*** Opening of RECORDS SUPPLIED ***

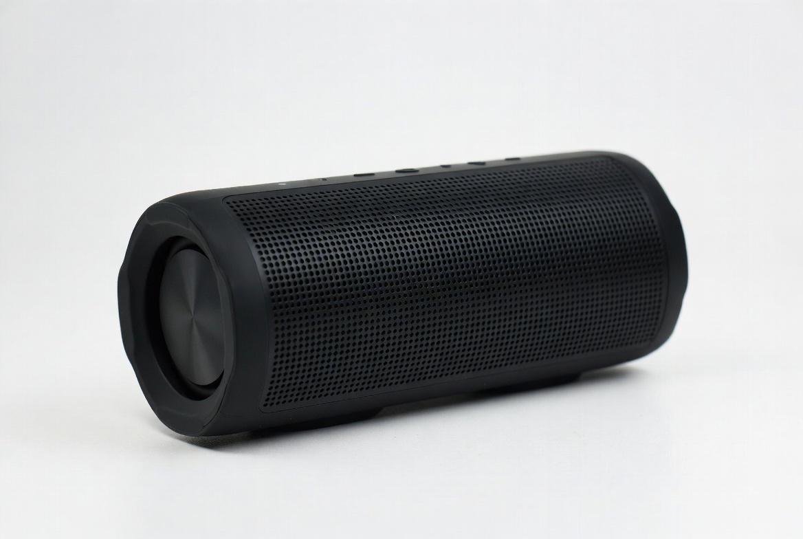 audio device, black speaker, control buttons, cylindrical speaker, electronics, gadget, isolated background, music player, portable speaker, rubber texture, rugged speaker, sound system, speaker grille, wireless speaker, Bluetooth speaker
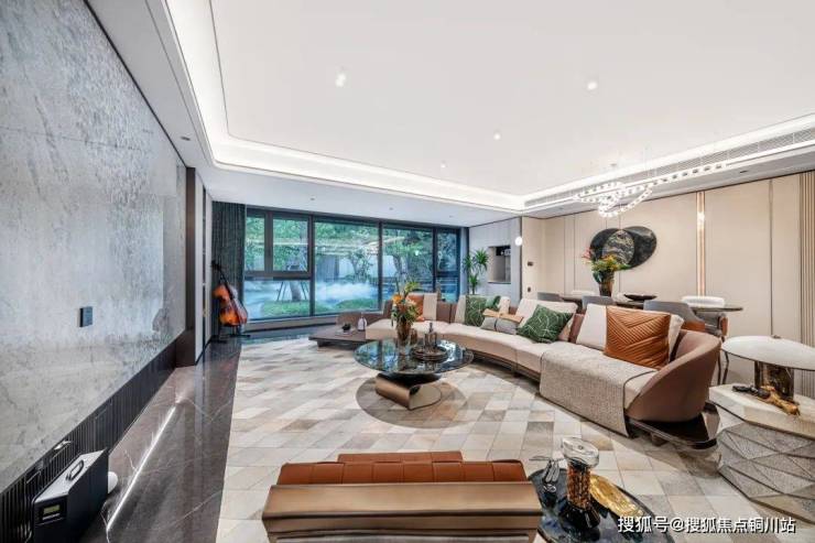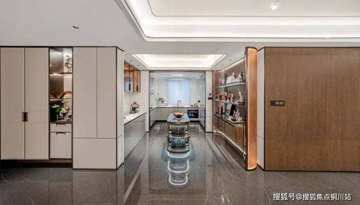 首层精装入户大堂,入户即见巴西奢石装饰,约4.8米挑高,约6.35米面宽,无主灯吊顶设计,尽显空间轩朗大气,地面采用900*1800大砖通铺,细节之处,可鉴严苛标准。
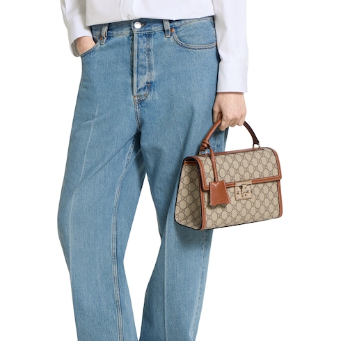 Zeitgemäße Silhouetten und vielfältige Tragevarianten kennzeichnen die Padlock Modelle aus der Pre-Fall 2025 Kollektion. Dieses Design lässt sich in der Hand oder als Umhängetasche tragen. Das Futter ist mit dem charakteristischen Web des Hauses versehen.
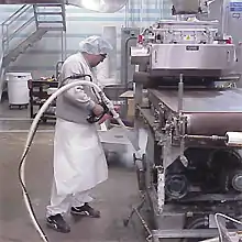 Dry-ice blasting can be used to clean food processing equipment.[9] As early as 2004, the UK Food Standards Agency documented the process to effectively decontaminate surfaces of Salmonella enteritidis, E. coli, and Listeria monocytogenes such that these microorganisms are not detectable using conventional microbiological methods.[10] "As a result of two outbreaks salmonellosis associated with the consumption of peanut butter and baby food in 2006–2007,[11][12] an effort was taken" by GMA members such as Cargill "to reassess industry practices for eliminating salmonella in low-moisture products" because "Salmonella outbreaks from low-moisture products are relatively rare but often impact large numbers of people." A document resulted from this effort describing a variety of waterless cleaning methods,[13] including dry-ice blasting.
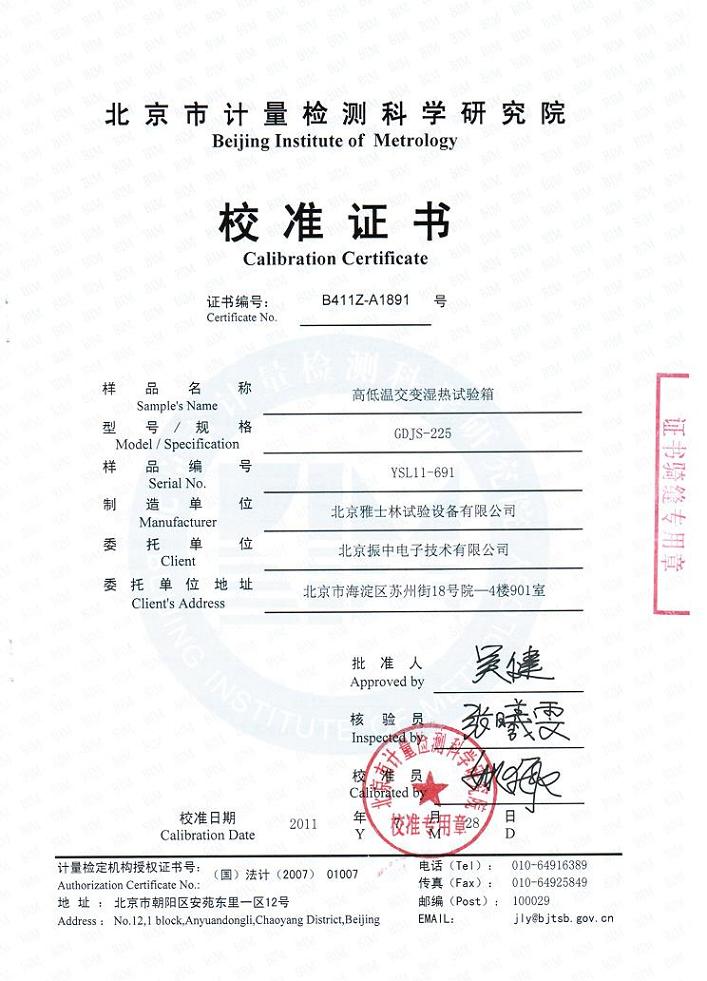 ¡¤¸ßµÍν»±äʪÈÈÊÔÑéÏäУ׼֤Êé-±±¾©¼ÆÁ¿Ôº-ÕñÖеç×Ó

*** Close of RECORDS SUPPLIED ***

▶ _REQUIREMENT_
Reproduce each entry precisely. Leave the pictures out.

▶ _ANSWER BOX_
 audio device, black speaker, control buttons, cylindrical speaker, electronics, gadget, isolated background, music player, portable speaker, rubber texture, rugged speaker, sound system, speaker grille, wireless speaker, Bluetooth speaker
 首层精装入户大堂,入户即见巴西奢石装饰,约4.8米挑高,约6.35米面宽,无主灯吊顶设计,尽显空间轩朗大气,地面采用900*1800大砖通铺,细节之处,可鉴严苛标准。
 Zeitgemäße Silhouetten und vielfältige Tragevarianten kennzeichnen die Padlock Modelle aus der Pre-Fall 2025 Kollektion. Dieses Design lässt sich in der Hand oder als Umhängetasche tragen. Das Futter ist mit dem charakteristischen Web des Hauses versehen.
 Dry-ice blasting can be used to clean food processing equipment.[9] As early as 2004, the UK Food Standards Agency documented the process to effectively decontaminate surfaces of Salmonella enteritidis, E. coli, and Listeria monocytogenes such that these microorganisms are not detectable using conventional microbiological methods.[10] "As a result of two outbreaks salmonellosis associated with the consumption of peanut butter and baby food in 2006–2007,[11][12] an effort was taken" by GMA members such as Cargill "to reassess industry practices for eliminating salmonella in low-moisture products" because "Salmonella outbreaks from low-moisture products are relatively rare but often impact large numbers of people." A document resulted from this effort describing a variety of waterless cleaning methods,[13] including dry-ice blasting.
 ¡¤¸ßµÍν»±äʪÈÈÊÔÑéÏäУ׼֤Êé-±±¾©¼ÆÁ¿Ôº-ÕñÖеç×Ó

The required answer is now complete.